> [TASK INSTRUCTIONS] Transcribe the records that follow. Keep every word exactly, and drop the pictures.

> [MATERIALS PROVIDED]
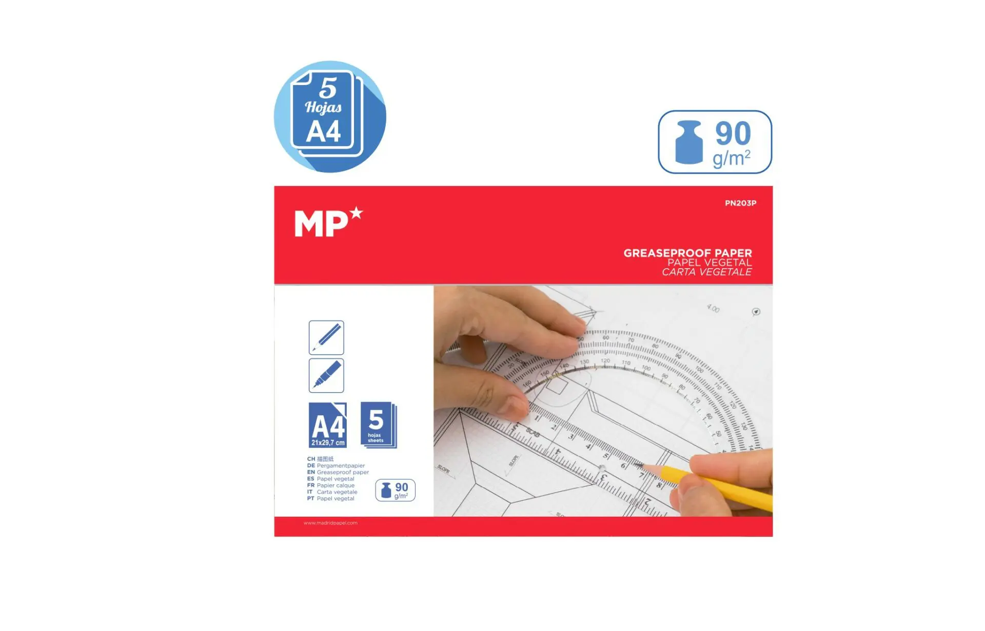 Pack de 5 hojas de papel vegetal DIN A4 de alta calidad. Gramaje de 90 g/m². De gran uso, se puede utilizar para copiar, calcar, dibujar, escribir… Ideal para hacer manualidades o diseñar nuevos proyectos.
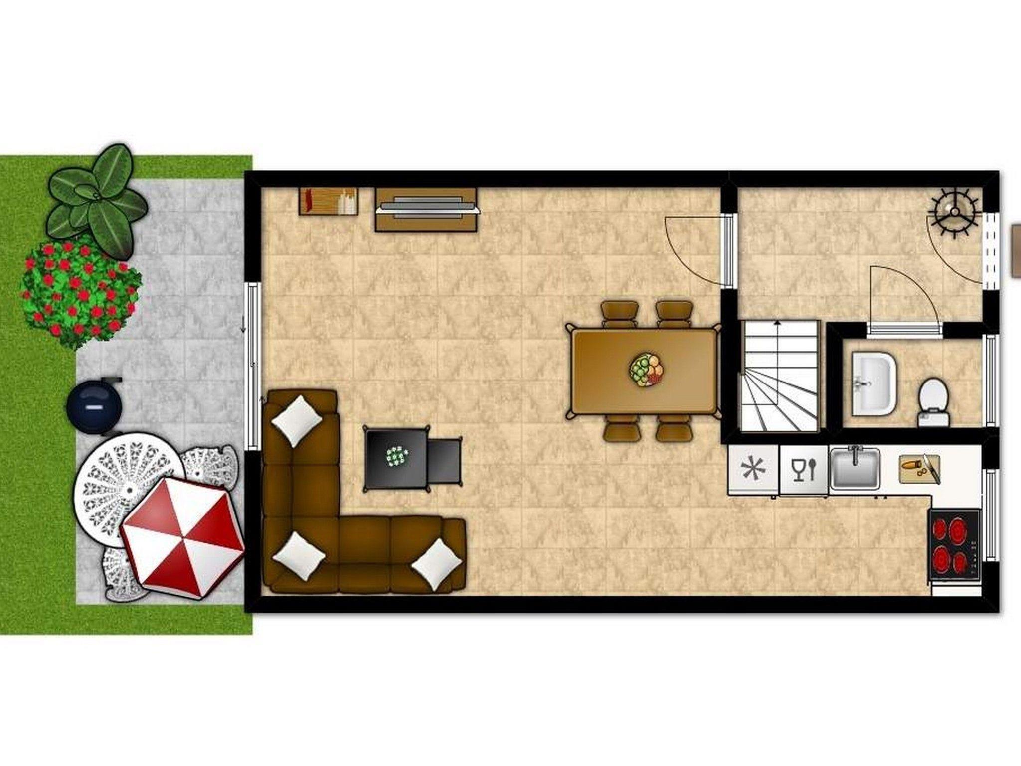 Das Reihenmittelhaus ist mit drei Zimmern ausgestattet und geht über drei Ebenen. Für bis zu vier Gäste + Kleinkind eignen sich die etwa 69 Quadratmeter Wohnfläche hervorragend für einen Urlaub.
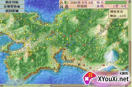 2. 自由市场:习得“德政令”技能后,向织田信长进献礼物(若信长采纳,则会下令视察领地)。
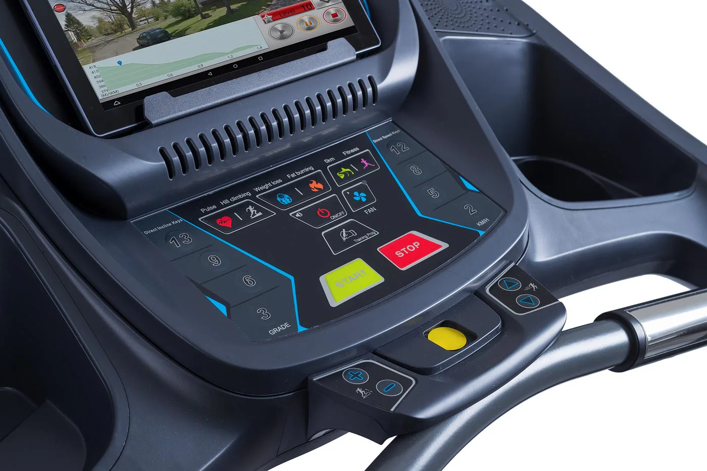 Počítač stroje je po stranách vybaven tlačítky pro rychlou volbu rychlosti a sklonu. Nemusíte tak 10x mačkat tlačítko "+", ale jednoduše zmáčknete požadovaný sklon, nebo rychlost kterou chcete běžet a pás na ni postupně zrychluje.
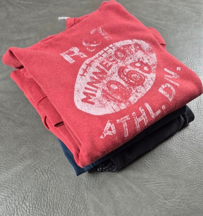 Description : • Sweat vintage R&T "Minnesota 1968" – Taille 10 ans – Bon état • Pantalon bleu KTM Racing – Taille 10 ans – 100 % coton, coupe ample, trou au genou • Jean noir slim ou skinny stretch – Taille 10 ans – Matière synthétique, bon état 📏 Dimensions visibles sur les photos 📦 Envoi rapide sous 24/48h ☀️Réductions automatiques dès 2 articles☺️ 🔍 D’autres vêtements disponibles sur mon profil ! A17
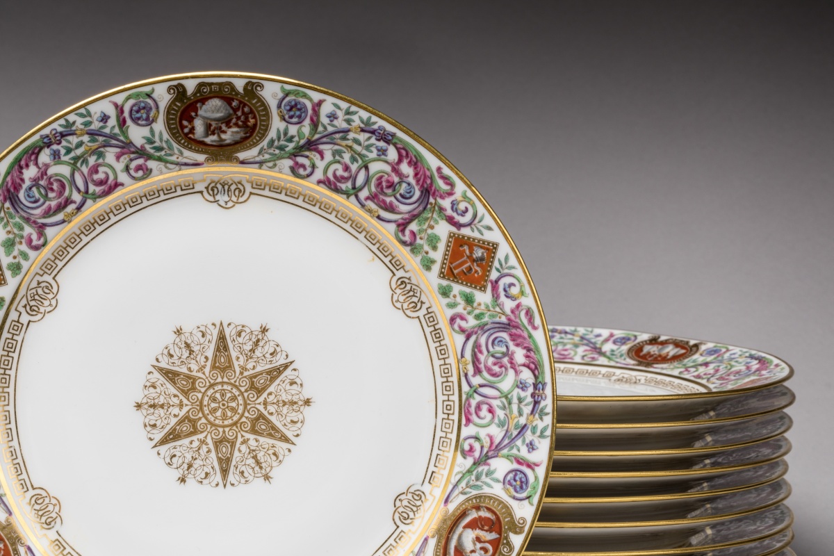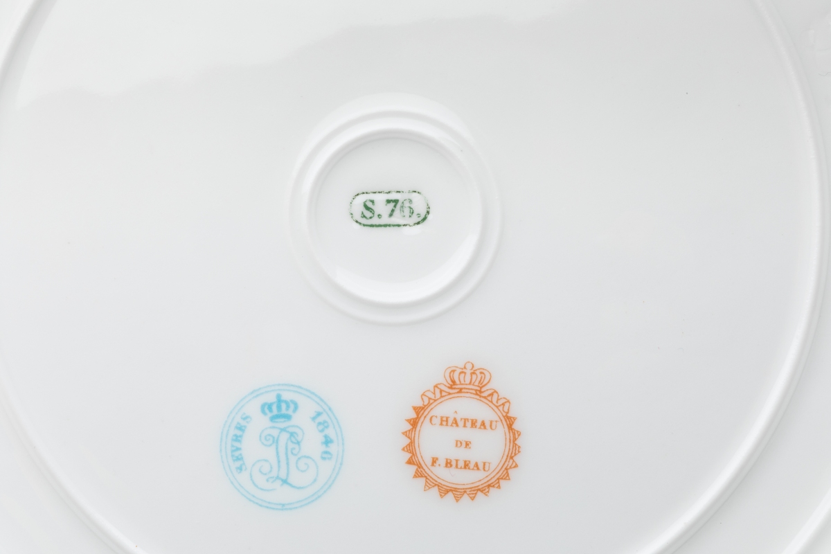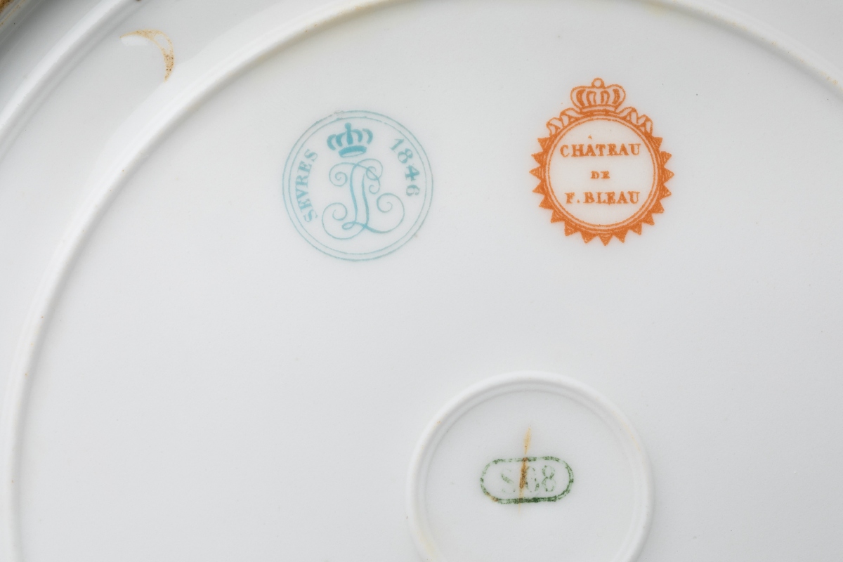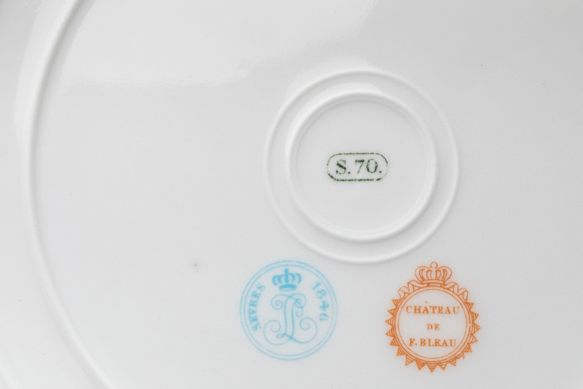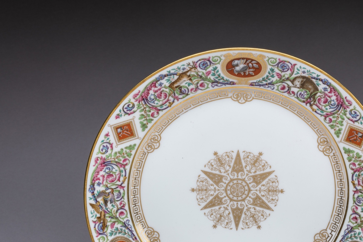 SÈVRES. A part of the SERVICE des CHASSES for the KING LOUIS-PHILIPPE, castle of FONTAINEBLEAU. Comprises 10 dinner plates and 11 dessert plates. Marked and dated from 1846 to 1876.
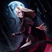 The image depicts a fantasy character, possibly representing a vampire or a similar mythical creature. She is wearing a cloak and holding a staff, with a moon in the background. The setting appears to be a dark, gothic-style environment, which fits the typical aesthetic associated with such characters.
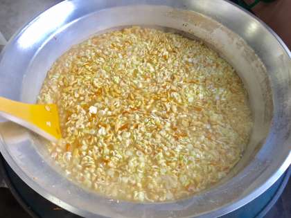 けんちん汁は、れんこん、さといも、とうふ等を炒め、だしこんぶとけずりぶしで取っただしを加えて煮、塩、しょうゆで味付けした、汁物献立でした。
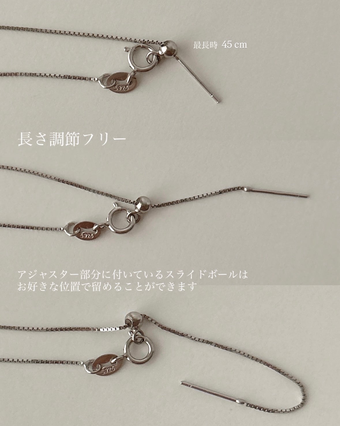長さ調節が簡単なスライドボール付きのシルバ−925チェーンを使用しております
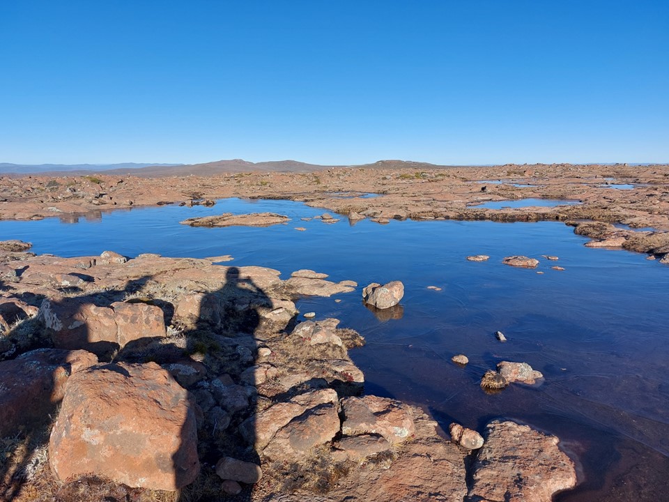 The pools on the top were frozen, with some snow around as well. I made the traditional “let’s all go to the highest point” joke – seeing as the summit is very flat and the actual highest point is practically impossible to spot, it always looks like the other side of the summit. To be safe, I like to walk across the entire top.
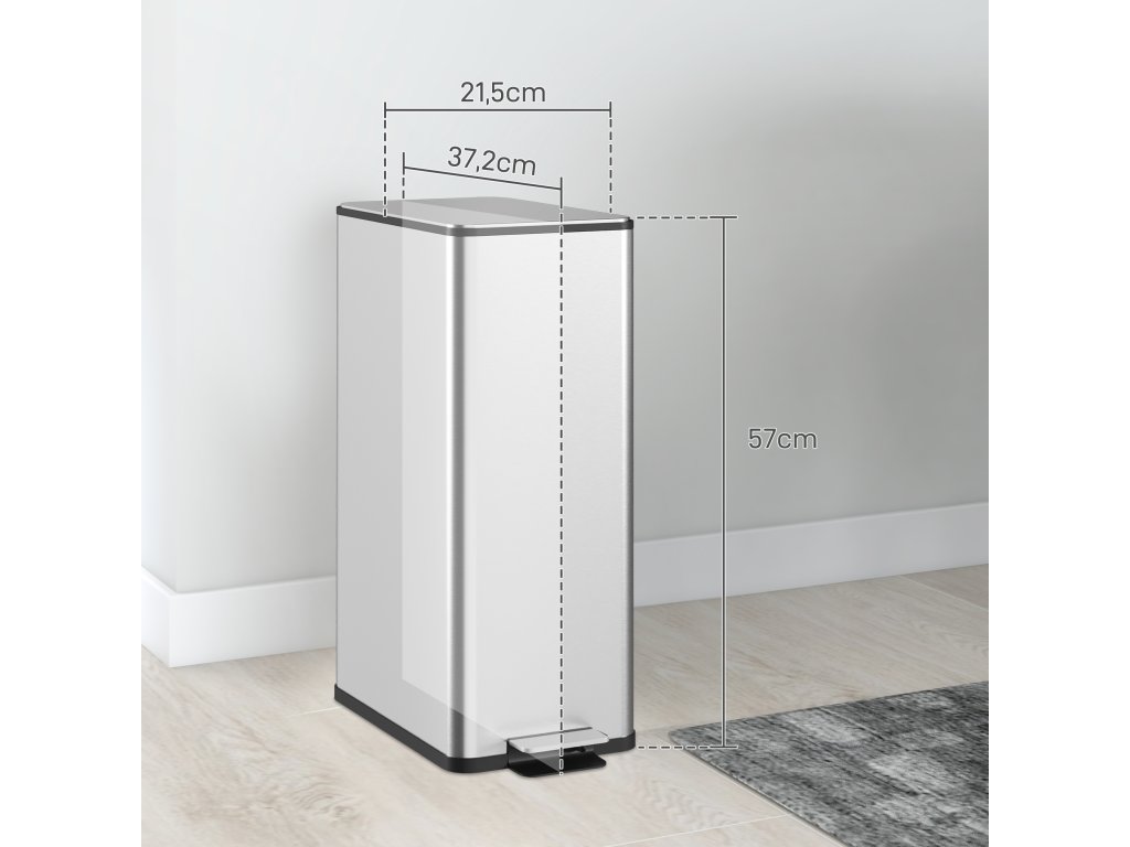 Udržujte svou kuchyň čistou a bez zápachu s odpadkovým košem HOMCOM 20 l s víkem! Mechanismus soft-close a uzávěr odolný proti zápachu zajišťují svěžest uvnitř. Tento robustní a stylový koš je vyroben z nerezové oceli odolné proti otiskům prstů a přináší do vaší kuchyně organizaci, styl a kvalitu. Praktický nášlapný pedál a vyjímatelný vnitřní koš usnadňují jeho používání a čištění. Dokonalá kombinace funkčnosti a moderního designu pro vaši domácnost.

> [RESULT FOR THIS EXERCISE]
 Pack de 5 hojas de papel vegetal DIN A4 de alta calidad. Gramaje de 90 g/m². De gran uso, se puede utilizar para copiar, calcar, dibujar, escribir… Ideal para hacer manualidades o diseñar nuevos proyectos.
 Das Reihenmittelhaus ist mit drei Zimmern ausgestattet und geht über drei Ebenen. Für bis zu vier Gäste + Kleinkind eignen sich die etwa 69 Quadratmeter Wohnfläche hervorragend für einen Urlaub.
 2. 自由市场:习得“德政令”技能后,向织田信长进献礼物(若信长采纳,则会下令视察领地)。
 Počítač stroje je po stranách vybaven tlačítky pro rychlou volbu rychlosti a sklonu. Nemusíte tak 10x mačkat tlačítko "+", ale jednoduše zmáčknete požadovaný sklon, nebo rychlost kterou chcete běžet a pás na ni postupně zrychluje.
 Description : • Sweat vintage R&T "Minnesota 1968" – Taille 10 ans – Bon état • Pantalon bleu KTM Racing – Taille 10 ans – 100 % coton, coupe ample, trou au genou • Jean noir slim ou skinny stretch – Taille 10 ans – Matière synthétique, bon état 📏 Dimensions visibles sur les photos 📦 Envoi rapide sous 24/48h ☀️Réductions automatiques dès 2 articles☺️ 🔍 D’autres vêtements disponibles sur mon profil ! A17
 SÈVRES. A part of the SERVICE des CHASSES for the KING LOUIS-PHILIPPE, castle of FONTAINEBLEAU. Comprises 10 dinner plates and 11 dessert plates. Marked and dated from 1846 to 1876.
 The image depicts a fantasy character, possibly representing a vampire or a similar mythical creature. She is wearing a cloak and holding a staff, with a moon in the background. The setting appears to be a dark, gothic-style environment, which fits the typical aesthetic associated with such characters.
 けんちん汁は、れんこん、さといも、とうふ等を炒め、だしこんぶとけずりぶしで取っただしを加えて煮、塩、しょうゆで味付けした、汁物献立でした。
長さ調節が簡単なスライドボール付きのシルバ−925チェーンを使用しております
 The pools on the top were frozen, with some snow around as well. I made the traditional “let’s all go to the highest point” joke – seeing as the summit is very flat and the actual highest point is practically impossible to spot, it always looks like the other side of the summit. To be safe, I like to walk across the entire top.
 Udržujte svou kuchyň čistou a bez zápachu s odpadkovým košem HOMCOM 20 l s víkem! Mechanismus soft-close a uzávěr odolný proti zápachu zajišťují svěžest uvnitř. Tento robustní a stylový koš je vyroben z nerezové oceli odolné proti otiskům prstů a přináší do vaší kuchyně organizaci, styl a kvalitu. Praktický nášlapný pedál a vyjímatelný vnitřní koš usnadňují jeho používání a čištění. Dokonalá kombinace funkčnosti a moderního designu pro vaši domácnost.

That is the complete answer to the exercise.